Exercise goal. With the records in front of you, set every one of them down exactly.

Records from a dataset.
..............................
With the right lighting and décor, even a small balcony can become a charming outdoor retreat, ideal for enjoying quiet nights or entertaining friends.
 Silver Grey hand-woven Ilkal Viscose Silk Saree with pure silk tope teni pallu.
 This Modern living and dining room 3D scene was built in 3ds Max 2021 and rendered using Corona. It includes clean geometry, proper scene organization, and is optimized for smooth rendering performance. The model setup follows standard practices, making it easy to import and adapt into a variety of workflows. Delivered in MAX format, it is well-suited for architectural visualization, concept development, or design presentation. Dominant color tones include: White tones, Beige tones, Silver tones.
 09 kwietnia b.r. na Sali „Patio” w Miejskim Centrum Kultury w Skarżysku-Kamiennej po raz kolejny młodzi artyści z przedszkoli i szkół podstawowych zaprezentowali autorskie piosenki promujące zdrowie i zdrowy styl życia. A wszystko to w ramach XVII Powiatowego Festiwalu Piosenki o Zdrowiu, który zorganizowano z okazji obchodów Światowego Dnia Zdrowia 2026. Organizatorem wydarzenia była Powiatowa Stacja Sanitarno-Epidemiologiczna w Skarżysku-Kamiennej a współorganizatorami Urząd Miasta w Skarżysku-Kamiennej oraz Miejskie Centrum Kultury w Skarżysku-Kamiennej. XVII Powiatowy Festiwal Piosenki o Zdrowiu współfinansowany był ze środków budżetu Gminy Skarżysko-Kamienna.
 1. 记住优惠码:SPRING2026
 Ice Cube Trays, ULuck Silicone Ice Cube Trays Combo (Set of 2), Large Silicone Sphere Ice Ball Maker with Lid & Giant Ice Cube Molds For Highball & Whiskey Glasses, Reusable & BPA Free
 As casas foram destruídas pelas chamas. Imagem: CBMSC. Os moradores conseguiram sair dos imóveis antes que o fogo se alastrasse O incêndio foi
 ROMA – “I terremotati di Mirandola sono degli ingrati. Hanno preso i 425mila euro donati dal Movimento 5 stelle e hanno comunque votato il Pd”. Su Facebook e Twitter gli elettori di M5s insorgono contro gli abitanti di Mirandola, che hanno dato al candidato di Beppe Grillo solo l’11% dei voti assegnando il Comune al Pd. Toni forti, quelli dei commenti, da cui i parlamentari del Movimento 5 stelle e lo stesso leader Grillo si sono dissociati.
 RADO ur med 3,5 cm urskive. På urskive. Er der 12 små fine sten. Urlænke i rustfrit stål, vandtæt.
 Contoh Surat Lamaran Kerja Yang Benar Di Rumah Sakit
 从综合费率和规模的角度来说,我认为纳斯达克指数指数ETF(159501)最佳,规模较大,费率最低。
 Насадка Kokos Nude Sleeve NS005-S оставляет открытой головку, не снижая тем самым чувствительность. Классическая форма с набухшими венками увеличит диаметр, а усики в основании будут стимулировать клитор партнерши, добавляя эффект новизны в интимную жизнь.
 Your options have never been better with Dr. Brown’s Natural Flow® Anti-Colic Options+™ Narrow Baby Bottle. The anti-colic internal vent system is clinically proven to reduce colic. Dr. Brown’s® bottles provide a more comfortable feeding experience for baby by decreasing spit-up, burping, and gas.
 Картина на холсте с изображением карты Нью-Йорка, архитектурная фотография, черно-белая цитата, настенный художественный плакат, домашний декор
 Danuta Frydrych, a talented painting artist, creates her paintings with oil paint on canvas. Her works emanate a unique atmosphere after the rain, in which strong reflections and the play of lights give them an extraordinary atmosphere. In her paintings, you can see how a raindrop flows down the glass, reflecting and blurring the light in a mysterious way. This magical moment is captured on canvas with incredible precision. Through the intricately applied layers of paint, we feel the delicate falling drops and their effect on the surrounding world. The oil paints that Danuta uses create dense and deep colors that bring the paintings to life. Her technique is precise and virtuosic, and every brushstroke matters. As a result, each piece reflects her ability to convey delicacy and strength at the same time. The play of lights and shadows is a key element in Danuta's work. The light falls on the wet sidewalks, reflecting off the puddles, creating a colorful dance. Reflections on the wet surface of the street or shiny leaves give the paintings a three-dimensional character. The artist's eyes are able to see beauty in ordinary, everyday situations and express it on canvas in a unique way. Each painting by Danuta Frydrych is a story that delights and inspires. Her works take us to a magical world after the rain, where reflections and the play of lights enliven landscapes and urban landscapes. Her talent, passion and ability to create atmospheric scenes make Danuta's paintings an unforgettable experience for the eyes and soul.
..............................
Expected answer.
With the right lighting and décor, even a small balcony can become a charming outdoor retreat, ideal for enjoying quiet nights or entertaining friends.
 Silver Grey hand-woven Ilkal Viscose Silk Saree with pure silk tope teni pallu.
 This Modern living and dining room 3D scene was built in 3ds Max 2021 and rendered using Corona. It includes clean geometry, proper scene organization, and is optimized for smooth rendering performance. The model setup follows standard practices, making it easy to import and adapt into a variety of workflows. Delivered in MAX format, it is well-suited for architectural visualization, concept development, or design presentation. Dominant color tones include: White tones, Beige tones, Silver tones.
 09 kwietnia b.r. na Sali „Patio” w Miejskim Centrum Kultury w Skarżysku-Kamiennej po raz kolejny młodzi artyści z przedszkoli i szkół podstawowych zaprezentowali autorskie piosenki promujące zdrowie i zdrowy styl życia. A wszystko to w ramach XVII Powiatowego Festiwalu Piosenki o Zdrowiu, który zorganizowano z okazji obchodów Światowego Dnia Zdrowia 2026. Organizatorem wydarzenia była Powiatowa Stacja Sanitarno-Epidemiologiczna w Skarżysku-Kamiennej a współorganizatorami Urząd Miasta w Skarżysku-Kamiennej oraz Miejskie Centrum Kultury w Skarżysku-Kamiennej. XVII Powiatowy Festiwal Piosenki o Zdrowiu współfinansowany był ze środków budżetu Gminy Skarżysko-Kamienna.
 1. 记住优惠码:SPRING2026
 Ice Cube Trays, ULuck Silicone Ice Cube Trays Combo (Set of 2), Large Silicone Sphere Ice Ball Maker with Lid & Giant Ice Cube Molds For Highball & Whiskey Glasses, Reusable & BPA Free
 As casas foram destruídas pelas chamas. Imagem: CBMSC. Os moradores conseguiram sair dos imóveis antes que o fogo se alastrasse O incêndio foi
 ROMA – “I terremotati di Mirandola sono degli ingrati. Hanno preso i 425mila euro donati dal Movimento 5 stelle e hanno comunque votato il Pd”. Su Facebook e Twitter gli elettori di M5s insorgono contro gli abitanti di Mirandola, che hanno dato al candidato di Beppe Grillo solo l’11% dei voti assegnando il Comune al Pd. Toni forti, quelli dei commenti, da cui i parlamentari del Movimento 5 stelle e lo stesso leader Grillo si sono dissociati.
 RADO ur med 3,5 cm urskive. På urskive. Er der 12 små fine sten. Urlænke i rustfrit stål, vandtæt.
 Contoh Surat Lamaran Kerja Yang Benar Di Rumah Sakit
 从综合费率和规模的角度来说,我认为纳斯达克指数指数ETF(159501)最佳,规模较大,费率最低。
 Насадка Kokos Nude Sleeve NS005-S оставляет открытой головку, не снижая тем самым чувствительность. Классическая форма с набухшими венками увеличит диаметр, а усики в основании будут стимулировать клитор партнерши, добавляя эффект новизны в интимную жизнь.
 Your options have never been better with Dr. Brown’s Natural Flow® Anti-Colic Options+™ Narrow Baby Bottle. The anti-colic internal vent system is clinically proven to reduce colic. Dr. Brown’s® bottles provide a more comfortable feeding experience for baby by decreasing spit-up, burping, and gas.
 Картина на холсте с изображением карты Нью-Йорка, архитектурная фотография, черно-белая цитата, настенный художественный плакат, домашний декор
 Danuta Frydrych, a talented painting artist, creates her paintings with oil paint on canvas. Her works emanate a unique atmosphere after the rain, in which strong reflections and the play of lights give them an extraordinary atmosphere. In her paintings, you can see how a raindrop flows down the glass, reflecting and blurring the light in a mysterious way. This magical moment is captured on canvas with incredible precision. Through the intricately applied layers of paint, we feel the delicate falling drops and their effect on the surrounding world. The oil paints that Danuta uses create dense and deep colors that bring the paintings to life. Her technique is precise and virtuosic, and every brushstroke matters. As a result, each piece reflects her ability to convey delicacy and strength at the same time. The play of lights and shadows is a key element in Danuta's work. The light falls on the wet sidewalks, reflecting off the puddles, creating a colorful dance. Reflections on the wet surface of the street or shiny leaves give the paintings a three-dimensional character. The artist's eyes are able to see beauty in ordinary, everyday situations and express it on canvas in a unique way. Each painting by Danuta Frydrych is a story that delights and inspires. Her works take us to a magical world after the rain, where reflections and the play of lights enliven landscapes and urban landscapes. Her talent, passion and ability to create atmospheric scenes make Danuta's paintings an unforgettable experience for the eyes and soul.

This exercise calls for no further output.